Exercise objective: Each record below is to be retyped exactly, with its pictures omitted.

Dataset content:
_ _ _

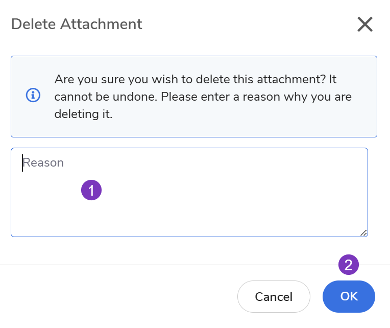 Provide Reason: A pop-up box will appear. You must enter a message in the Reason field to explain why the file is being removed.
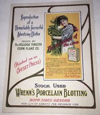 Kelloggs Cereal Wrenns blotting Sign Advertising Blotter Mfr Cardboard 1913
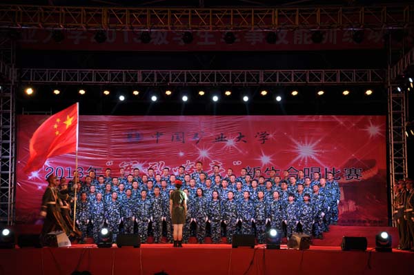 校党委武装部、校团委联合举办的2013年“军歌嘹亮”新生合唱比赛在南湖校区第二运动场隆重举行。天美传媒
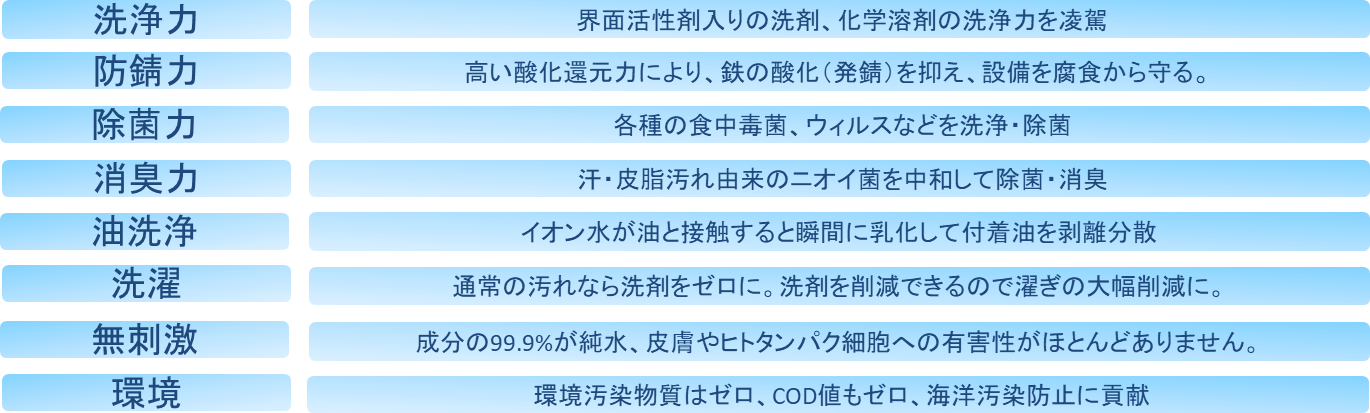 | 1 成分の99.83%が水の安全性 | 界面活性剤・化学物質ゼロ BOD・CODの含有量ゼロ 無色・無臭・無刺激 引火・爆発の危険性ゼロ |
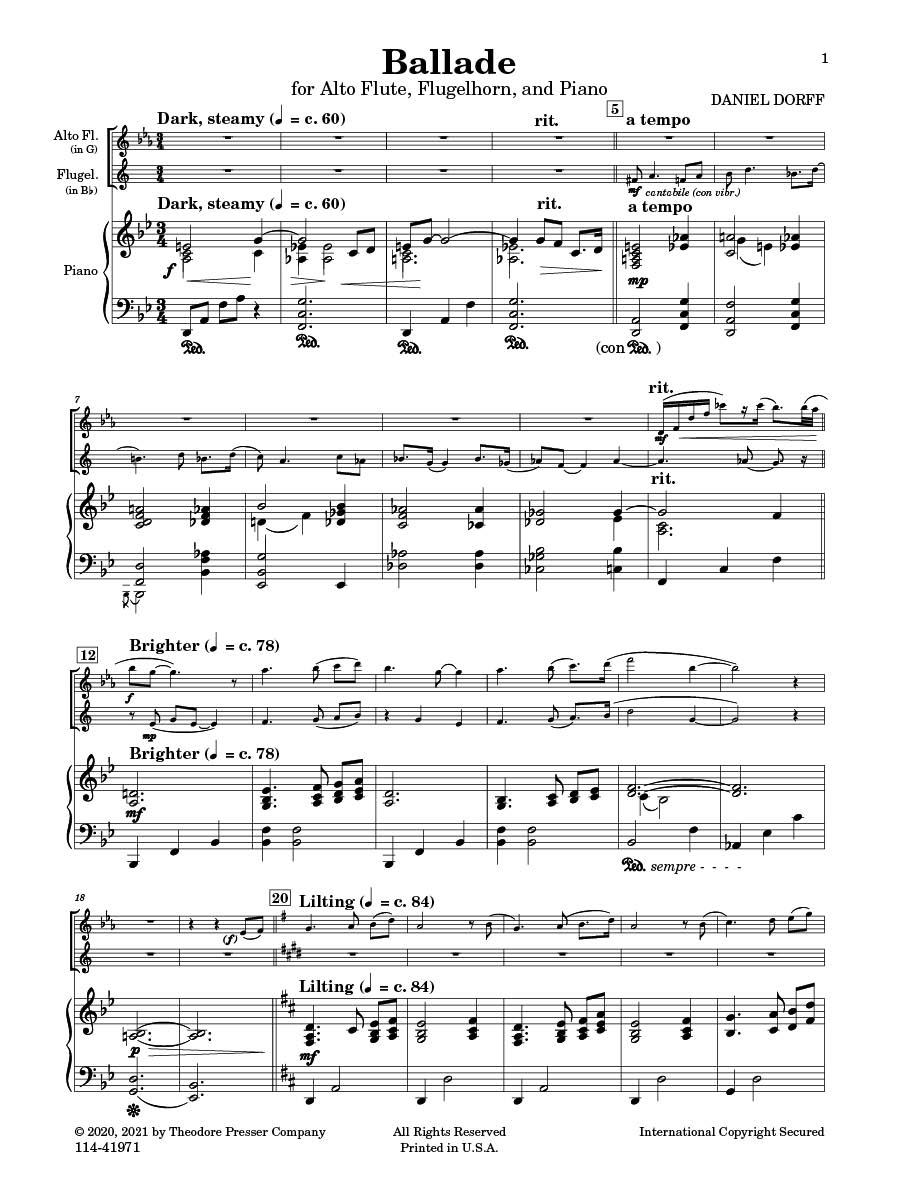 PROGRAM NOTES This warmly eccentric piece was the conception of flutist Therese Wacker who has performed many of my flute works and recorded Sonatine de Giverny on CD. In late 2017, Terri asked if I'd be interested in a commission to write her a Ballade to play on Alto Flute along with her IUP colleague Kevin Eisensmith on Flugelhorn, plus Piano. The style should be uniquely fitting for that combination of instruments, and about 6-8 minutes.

_ _ _

Task output:
 Provide Reason: A pop-up box will appear. You must enter a message in the Reason field to explain why the file is being removed.
 Kelloggs Cereal Wrenns blotting Sign Advertising Blotter Mfr Cardboard 1913
 校党委武装部、校团委联合举办的2013年“军歌嘹亮”新生合唱比赛在南湖校区第二运动场隆重举行。天美传媒
 | 1 成分の99.83%が水の安全性 | 界面活性剤・化学物質ゼロ BOD・CODの含有量ゼロ 無色・無臭・無刺激 引火・爆発の危険性ゼロ |
 PROGRAM NOTES This warmly eccentric piece was the conception of flutist Therese Wacker who has performed many of my flute works and recorded Sonatine de Giverny on CD. In late 2017, Terri asked if I'd be interested in a commission to write her a Ballade to play on Alto Flute along with her IUP colleague Kevin Eisensmith on Flugelhorn, plus Piano. The style should be uniquely fitting for that combination of instruments, and about 6-8 minutes.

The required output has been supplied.